TASK ITEM:
Line by line, set down the records below from the first line through the line containing "Sugarhill Brighton Yvette". Omit the pictures.
** EXERCISE DATA follows **
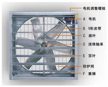 F. 独特的百叶片自动开关机构,借助二个无须动力的百转重锤,配置自动装置来实现的,这种独特机构可确保风机连续多年运行都无故障。
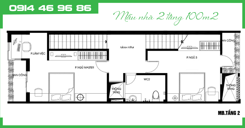 Mat bang cong nang tang 1 mau nha 2 tang 100m2
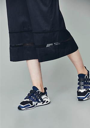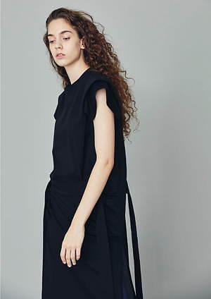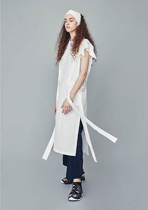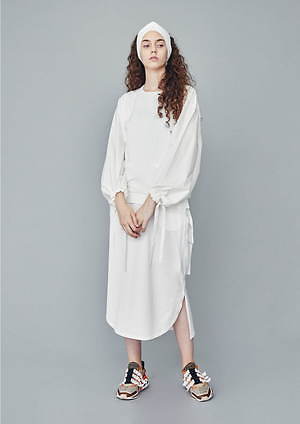 ノイジーな柄の目立つメンズとは一変、今季のウィメンズウェアは余分なモノを排除したミニマルな表情が印象的。ホワイト、ベージュ、ネイビーなどベーシックなカラーパレットを基軸に、モノトーンや同系色で揃えたスタイリングが目立つ。そんな着こなしのアクセントとなっているのが、今季デザイナーが目を付けた“コード”。洋服の裾やサイドからヒラリと揺れるそれらのコードは、シンプルな洋服に躍動感をもたらし、アクティブな印象を添えてくれる。
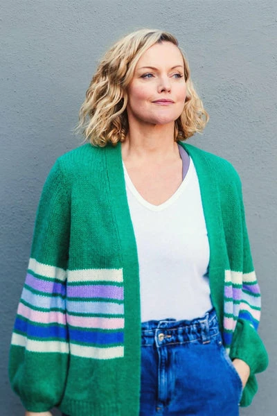 Sugarhill Brighton Yvette Cardigan – Green, Block Colour Stripes Adult
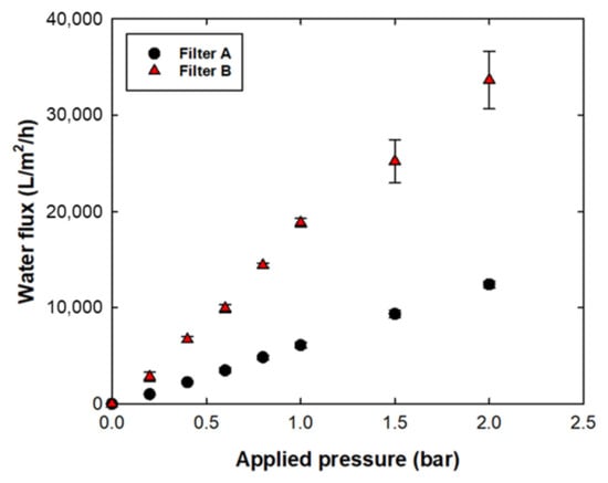 Figure 3 shows the water flux vs. applied pressure of filters A and B. To measure water flux, the change in the weight of the permeate sample was recorded every minute until 300 mL of permeate was obtained. The water permeability of filters A and B was 6300 LMH/bar and 17,000 LMH/bar, respectively. The faster water permeability of filter B compared with that of filter A could be explained by the pore structure with hydrophilic surface characteristics. The asymmetric filter structure with the extremely open and porous region of filter B enhanced the solution permeability [17]. In addition to the structural differences, the hydrophilic surface of filter B facilitated faster water transport than that of filter A [24].
** End of EXERCISE DATA **
SOLUTION FOR THIS EXERCISE:
 F. 独特的百叶片自动开关机构,借助二个无须动力的百转重锤,配置自动装置来实现的,这种独特机构可确保风机连续多年运行都无故障。
 Mat bang cong nang tang 1 mau nha 2 tang 100m2
 ノイジーな柄の目立つメンズとは一変、今季のウィメンズウェアは余分なモノを排除したミニマルな表情が印象的。ホワイト、ベージュ、ネイビーなどベーシックなカラーパレットを基軸に、モノトーンや同系色で揃えたスタイリングが目立つ。そんな着こなしのアクセントとなっているのが、今季デザイナーが目を付けた“コード”。洋服の裾やサイドからヒラリと揺れるそれらのコードは、シンプルな洋服に躍動感をもたらし、アクティブな印象を添えてくれる。
 Sugarhill Brighton Yvette Cardigan – Green, Block Colour Stripes Adult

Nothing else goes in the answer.